• WHAT YOU SHOULD DO
Please copy the data exactly as it stands, minus the images.

• COLLECTED MATERIAL

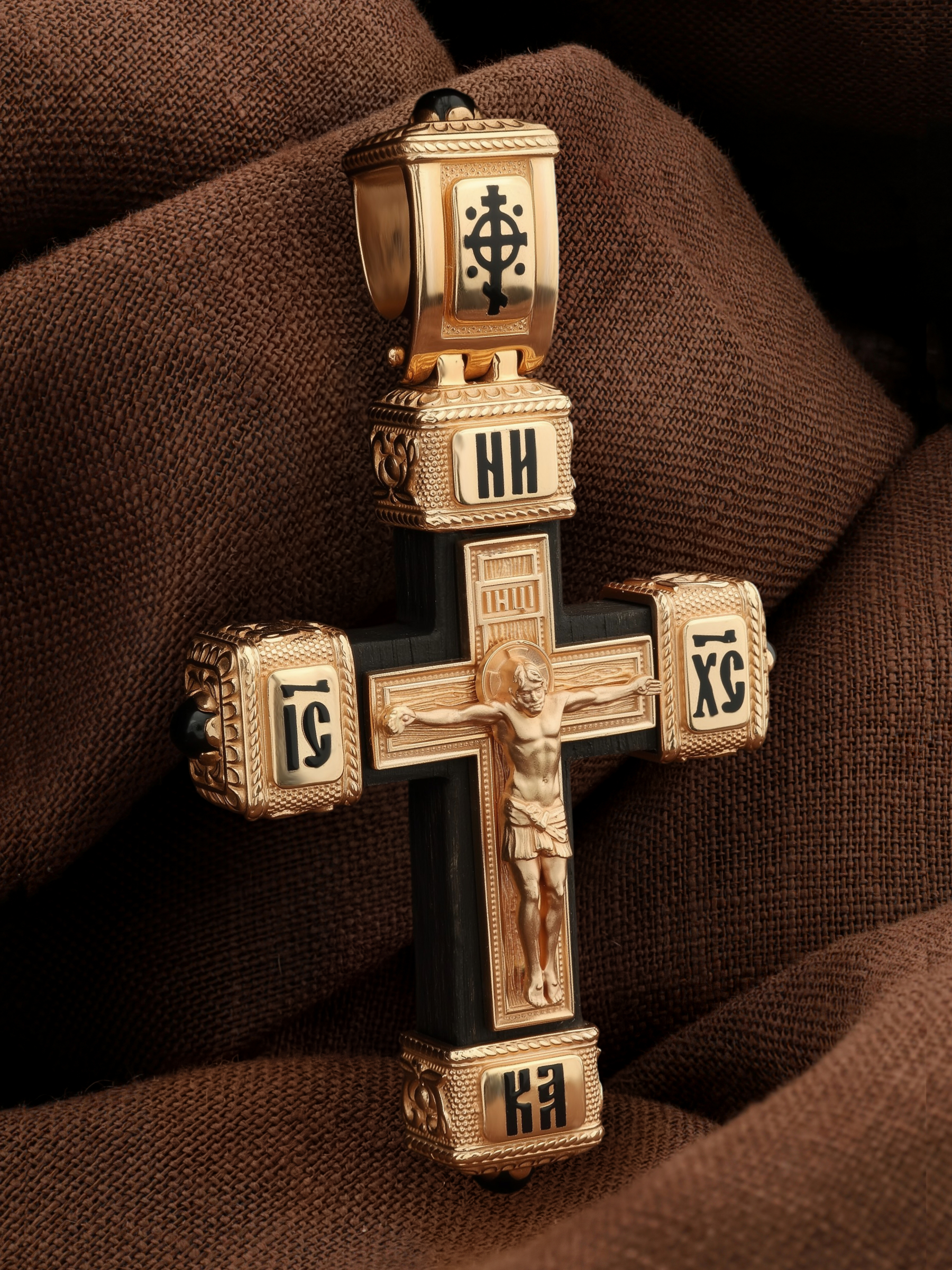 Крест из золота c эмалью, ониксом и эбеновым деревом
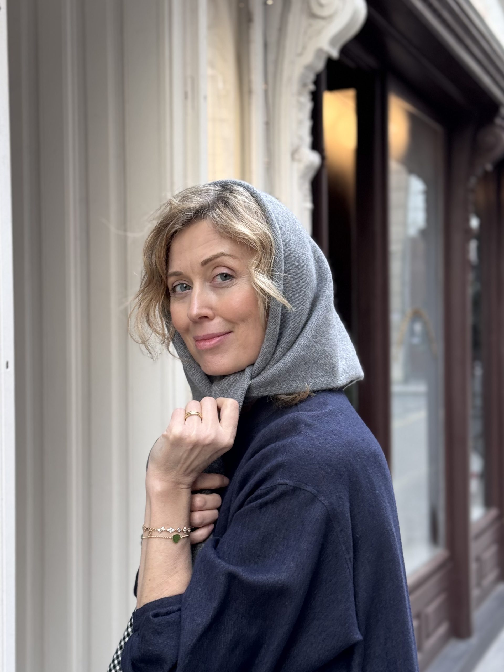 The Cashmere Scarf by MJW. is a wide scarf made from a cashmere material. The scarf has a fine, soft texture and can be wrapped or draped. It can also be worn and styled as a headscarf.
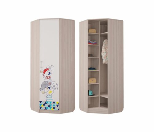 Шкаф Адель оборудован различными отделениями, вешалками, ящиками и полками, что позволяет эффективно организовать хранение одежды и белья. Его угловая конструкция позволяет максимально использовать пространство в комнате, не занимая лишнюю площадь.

• ANSWER SECTION
 Крест из золота c эмалью, ониксом и эбеновым деревом
 The Cashmere Scarf by MJW. is a wide scarf made from a cashmere material. The scarf has a fine, soft texture and can be wrapped or draped. It can also be worn and styled as a headscarf.
 Шкаф Адель оборудован различными отделениями, вешалками, ящиками и полками, что позволяет эффективно организовать хранение одежды и белья. Его угловая конструкция позволяет максимально использовать пространство в комнате, не занимая лишнюю площадь.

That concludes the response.